Children and adolescents can be implicated into school bullying as pure victims, pure bullies, or bully-victims [11]. It has been found that any role of school bullying involvement is associated with significantly impaired short-term and long-term mental health status, particularly for bullying victims [12]. Studies have disclosed that bullying victims were observed poorer academic performance, and increased risk of physical, emotional, and behavioral problems [1314]. In addition, the risk of self-harm for bullying victims was about 6 times compared with people who were not involved in school bullying [15].

Searching for influencing factors of school bullying victimization is essential for developing effective prevention policies and measures. Many published studies have identified risk factors at individual level, such as body weight, physical disability, anxiety, depression, low self-esteem, etc. [16].. It has been found that social factors may also have a significant effect on bullying victimization. For instance, Liang et al. reported that adolescents in countries with food insecurity were more likely to be victims of bullying, with an odds ratio (OR) of 1.37 [17]. In addition, Deryol et al. observed that countries with high inequality-adjusted Human Development Index (HDI) had a lower prevalence of bullying victimization [18].

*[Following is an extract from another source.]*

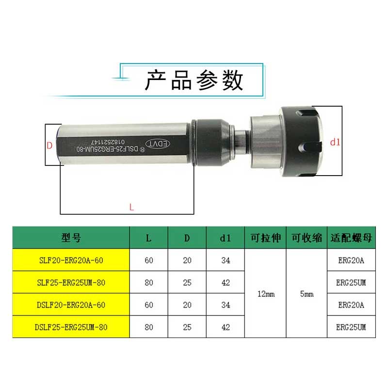 Floating tapping machine lathe tapping screw shank ER25 floating telescopic screw tapping extension rod ER20 tapping knife lever

Social poverty, measured by indicators such as monthly household per capita income (PCI) and Poverty Gap (PG), reflect either socioeconomic status (absolute poverty) or inequality (relative poverty) of the society. It has been found that social poverty is significantly related to higher risk of cognitive development problems, social-emotional issues, anxiety, depression, and other mental health problems in children and adolescents [19,20,21]. Given the intimate relationship between mental health and school bullying behaviors in youths, it is reasonable to suspect a connection between social poverty and school bullying victimization. However, this hypothesis has not been effectively discussed.

In the current study, we intend to evaluate the association between social poverty indicators and prevalence of school bullying victimization at country level. The findings of our study are expected to help formulate effective regional or national school bullying victimization prevention and control initiatives.

Data and methods

Data sources

This study used data from the Global School-based Student Health Survey (GSHS), an ongoing multi-national survey program started in 2003. The GSHS was developed by the World Health Organization (WHO) in collaboration with several agencies in the United Nations. GSHS is a school-based survey conducted primarily among students aged 13–17 years. The questionnaire is designed with ten core modules: alcohol use, dietary behaviors, drug use, hygiene, mental health, physical activity, protective factors, sexual behaviors, tobacco use, violence and unintentional injury. Our study used publicly available data from 16 countries (Chile, Trinidad and Tobago, Uruguay, Argentina, Colombia, Costa Rica, Dominica, Ecuador, Guyana, Malaysia, Peru, Suriname, Belize, Bolivia, Honduras, El Salvador) [22]. Here in the current study, information regarding to bullying victimization was extracted from the “violence and unintentional injury” module. The data were retrieved from surveys conducted between 2013 and 2015, for countries with repeated measuring databases, we used the most recent one. For surveyed countries, nationally representative data will be the first choice, if nationally representative data are not available, then reginal data will be included. The GSHS surveys were approved by both a national government administrative body and an institutional review board or ethics committee in each country. Verbal or written informed consents were obtained from the participants and their parents. All social poverty indicators of the surveyed countries within the same time interval were retrieved from the World Bank [23, 24].


Bullying victimization

Bullying victimization was ascertained by using the question “During the past 30 days, on how many days were you bullied?”. Answers to this question include: 0 days, 1 or 2 days, 3 to 5 days, 6 to 9 days, 10 to 19 days, 20 to 29 days, all 30 days. Respondents who answered “1 or 2 days” or more frequently been bullied were classified as bullying victims.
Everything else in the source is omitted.